Position Value Functions: LAG, LEAD, FIRST_VALUE, LAST_VALUE

Who has not needed to use values from other rows in the current row for a report or other query? A prime example is needing to know what the last order value was to calculate growth or just show the difference in the results. This has never been easy in SQL Server until now. All of these functions require the use of the OVER clause and the ORDER BY clause. They all use the current row within the partition to find the row at the desired position.

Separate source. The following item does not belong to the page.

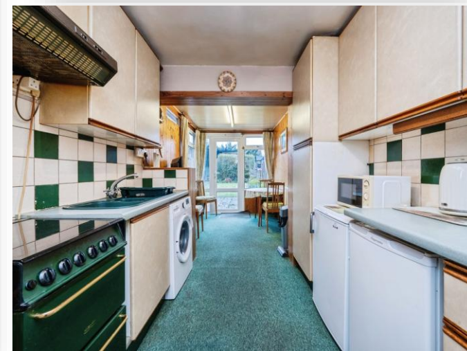
Crossway, Leighton Buzzard, LU7 3ND
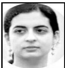
By Kamila Hyat

Inequality has always existed in Pakistan for at least one-third of the population which lives below the poverty line. There is no evidence of a drastic change over the decades since the country came into existence. But there is speculation from top economists in the country that after 2018, things have taken a turn for the worse and inequality has grown with the poor falling lower down the ladder as they struggle with inflation, unemployment, and many other perils that come along with these.

The LAG and LEAD functions allow you to specify the offset or how many rows to look forward or backward and they support a default value in cases where the value returned would be null. These functions do not support the use of ROWS or RANGE in the OVER clause. The FIRST_VALUE and LAST_VALUE allow you to further define the partition using ROWS or RANGE if desired.

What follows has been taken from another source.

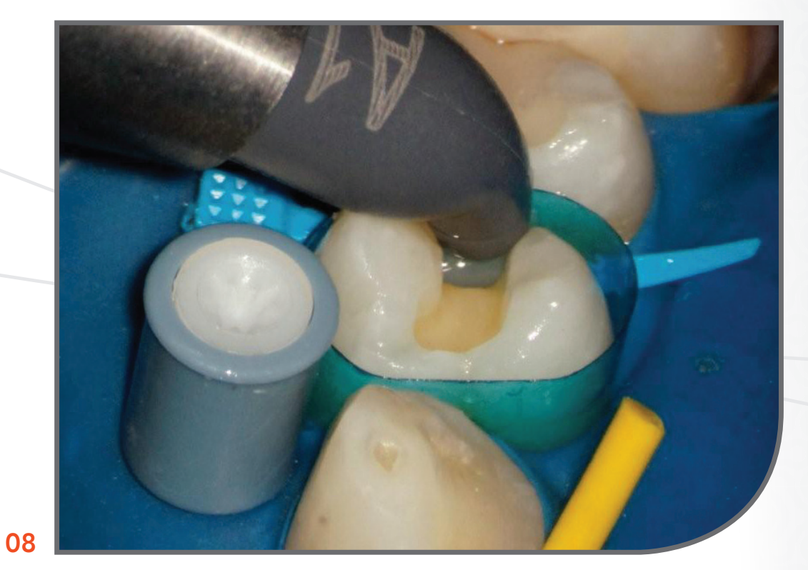
Place direct composite Venus by Heraeus and cure.

The following example illustrates all of the functions with various variations on the parameters and settings.

select OrderID
,OrderDate
,OrderAmt
,CustomerName
,LAG(OrderAmt) OVER (PARTITION BY CustomerName ORDER BY OrderID) as PrevOrdAmt
,LEAD(OrderAmt, 2) OVER (PARTITION BY CustomerName ORDER BY OrderID) as NextTwoOrdAmt
,LEAD(OrderDate, 2, ‘9999-12-31’) OVER (PARTITION BY CustomerName ORDER BY OrderID) as NextTwoOrdDtNoNull
,FIRST_VALUE(OrderDate) OVER (ORDER BY OrderID) as FirstOrdDt
,LAST_VALUE(CustomerName) OVER (PARTITION BY OrderDate ORDER BY OrderID) as LastCustToOrdByDay

from CTEOrders

Results (with shortened column names):
ID OrderDate Amt Cust PrevOrdAmt NextTwoAmt NextTwoDt FirstOrd LastCust
1 3/1/2012 10 Joe NULL 12 3/3/2012 3/1/2012 Joe
2 3/1/2012 11 Sam NULL 18 3/4/2012 3/1/2012 Sam
3 3/2/2012 10 Beth NULL 11 3/4/2012 3/1/2012 Beth
4 3/2/2012 15 Joe 10 12 3/4/2012 3/1/2012 Joe
5 3/2/2012 17 Sam 11 14 3/5/2012 3/1/2012 Sam
6 3/3/2012 12 Joe 15 19 3/6/2012 3/1/2012 Joe
7 3/4/2012 10 Beth 10 17 3/6/2012 3/1/2012 Beth
8 3/4/2012 18 Sam 17 16 3/7/2012 3/1/2012 Sam
9 3/4/2012 12 Joe 12 NULL 12/31/9999 3/1/2012 Joe
10 3/4/2012 11 Beth 10 13 3/7/2012 3/1/2012 Beth
11 3/5/2012 14 Sam 18 NULL 12/31/9999 3/1/2012 Sam
12 3/6/2012 17 Beth 11 NULL 12/31/9999 3/1/2012 Beth
13 3/6/2012 19 Joe 12 NULL 12/31/9999 3/1/2012 Joe
14 3/7/2012 13 Beth 17 NULL 12/31/9999 3/1/2012 Beth
15 3/7/2012 16 Sam 14 NULL 12/31/9999 3/1/2012 Sam

If you really like subselects, you can also mix in some subselects and have a very creative SQL statement. The following statement uses LAG and a subselect to find the first value in a partition. I am showing this to illustrate some more of the capabilities of the function in case you have a solution that requires this level of complexity.

select OrderID
,OrderDate
,OrderAmt
,CustomerName
,LAG(OrderAmt, (
select count(*)-1
from CTEOrders c
where c.CustomerName = CTEOrders.CustomerName
and c.OrderID <= CTEOrders.OrderID), 0)
OVER (PARTITION BY CustomerName ORDER BY OrderDate, OrderID) as FirstOrderAmt
FROM CTEOrders

Percentile Functions: CUME_DIST, PERCENT_RANK, PERCENTILE_CONT, PERCENTILE_DISC

As I wrap up my discussion on window functions, the percentile based functions were the functions I knew the least about. While I have already used the position value functions above, I have not yet needed to use the percentiles. So, that meant I had to work with them for a while so I could share their usage and have some samples for you to use.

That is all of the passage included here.